As a supplier of vital services, IEC is obligated to connect every consumer to the grid. But the ceremony eventually took place with generators that were rented privately after workers’ committee chairman David (Miko) Zarfati made it clear the compound would not be connected with electricity − regardless of the court.
IEC employees are worried that the government is trying to institute “reform” through the back door by introducing competition without compensating them with fat bonuses for their consent to go ahead. For years they’ve been thwarting every attempt to restructure the company, bringing political and other pressures to bear in order to halt initiatives for changing the industry.
When the state threw in the towel and decided instead to foster private initiatives without demanding internal reforms at IEC, the tables turned. Suddenly the workers’ committee began chasing after the government to implement some type of structural change.
Seeking toothless reform
To be precise, what it is after is a contrived reform lacking any teeth and void of all content to ensure their continued control over the master switch, including NIS 9 billion to line its pockets from the public kitty. The government has no way of coming up with NIS 9 billion and imposing further decrees on the public is certainly out of the question.
In any case, the Electricity Sector Law passed in 1996 already provides for opening the electricity industry to competition from private electricity producers.
The Haifa District Labor Court has already produced a number of astonishing rulings the past few years in rushing to the rescue of IEC’s mighty and entrenched union, even at the expense of other workers and the public. For example, under the court’s protection workers avoided connecting power plants in the north to the natural gas pipeline due to a dispute with management. That move that came at the expense of workers at plants using the gas and costing the economy $1.5 million a day in damages.
Damages sustained by the economy from the country’s seaport unions are even more pronounced. According to the Antitrust Authority, low productivity at the ports costs the economy about NIS 5 billion annually, but this doesn’t take into account a series of recent decisions by the labor courts about the goings on at Ashdod Port.
The port was shut down early this year by a wildcat strike after Zehavit Ben-Abu, an assistant to the CEO and considered to have ties with the workers’ committee, was transferred from her job on the instructions of the state comptroller and the Government Companies Authority.
Immediately, the port operations personnel and heavy equipment operators slowed the loading and unloading of freight containers, delaying the entry of 15 ships outside the harbor. Other port workers joined the informal strike, including administrative staff who cut off electricity and the phone and Internet lines to the management offices. Industrialists estimated the damages they suffered at NIS 18 million a week while the port posted a NIS 28 million decline in profits for the first quarter.

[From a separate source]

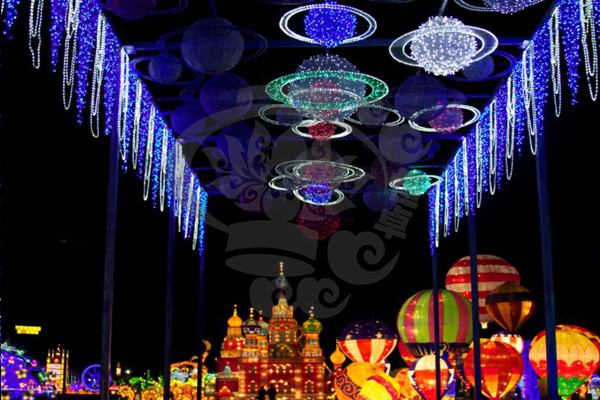 就是自貢燈會(huì)與自然環(huán)境的完美結(jié)合,它將璀璨奪目的燈布展于園林山水中,形成燈景交融、層次迷離的獨(dú)特風(fēng)采。無(wú)論是精巧別致的工藝燈,還是宏偉壯觀的大型燈組,都布展于園林山水之中,湖光山色、亭臺(tái)水榭與燈融為一體,形成燈中有景、景中有燈,燈景交織的奇妙景觀。觀眾稱之為“燈的山,燈的樹,燈的水,燈的路”。波光水影、風(fēng)簫聲動(dòng),燈景渾然一體,彩燈藝術(shù)的人工美與園林山水的自然美珠聯(lián)璧合,組成了瓊樓玉亭、層次迷離的美妙世界,展示了燈景渾然,千光萬(wàn)彩的獨(dú)特風(fēng)采!
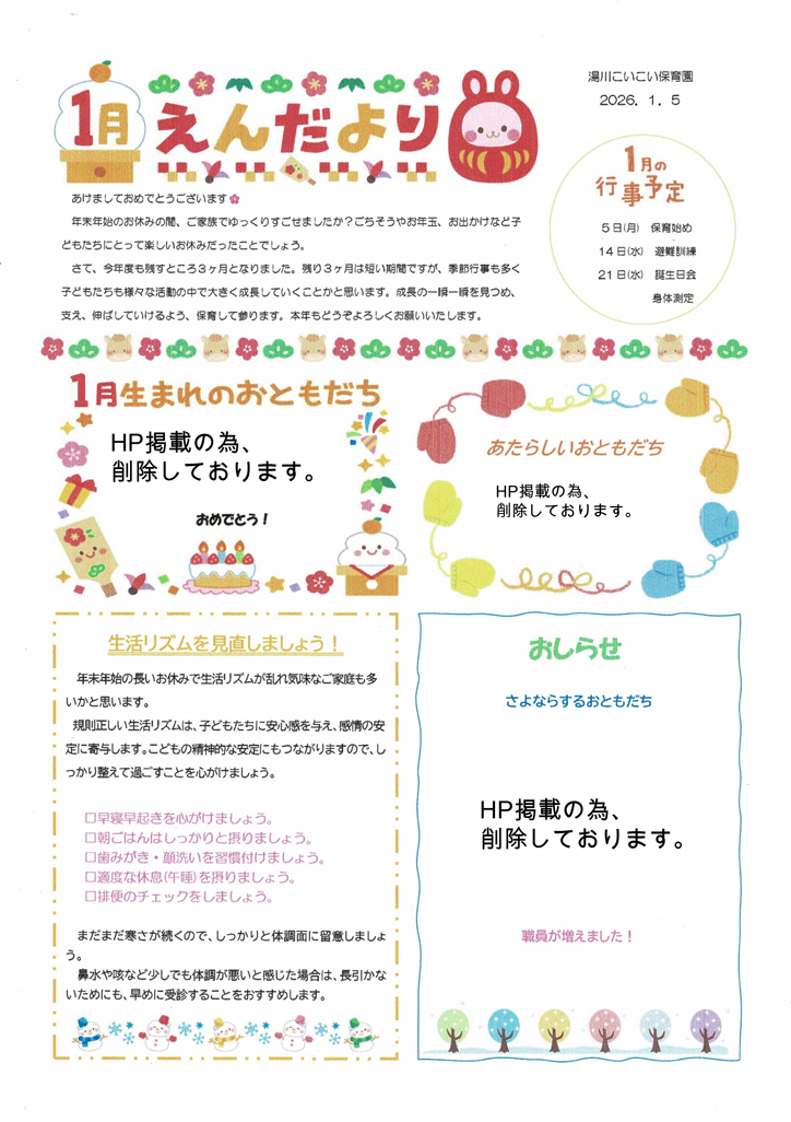 2026年1月7日 2026年1月の園だより category -園だより(湯川園) « 2025年12月の園だより カレンダー 2026年1月 月 火 水 木 金 土 日 1234 567891011 12131415161718 19202122232425 262728293031 « 12月 カテゴリー 保育園からのお知らせ 園だより(湯川園) 園だより(霧ヶ丘園) 記事を一覧で見る 最近の記事 2026年1月の園だより 12月25日(木) 湯川こいこい保育園 クリスマス会 (タイトルなし) 12月20日(土) 湯川こいこい保育園 第8回生活発表会♪ 2025年12月の園だより 過去の記事 2026年1月 2025年12月 2025年10月 2025年9月 2025年7月 2025年6月 2025年5月 2025年4月 2025年3月 2025年2月 2025年1月 2024年12月 2024年11月 2024年10月 2024年9月 2024年7月 2024年5月 2024年4月 2024年2月 2023年11月 2023年6月 2023年5月 2023年4月 2023年3月 2023年2月 2023年1月 2022年12月 2022年11月 2022年10月 2022年9月 2022年8月 2022年7月 2022年6月

The Finance Ministry tried to use its legal authority to dock the pay of strikers for the hours in which they engaged in sanctions, but Judge Nili Arad, president of the National Labor Court, has forbidden such a move for three months despite the illegality of the action and the damages to dozens of private businesses and their employees that depend on the port’s services.
Arad also prohibited the port from standing in the way of employing the relatives of workers in sensitive positions and sent the port to discuss the matter with the Histadrut − which for its part hasn’t been in a hurry to do so.
In general, the labor court tends to only concern itself with “unilateral” actions when these are taken by the state or management. Wildcat strikes by port or railway workers in recent years have hardly ever been censured by the labor courts, even when causing great damage to the users of a vital service.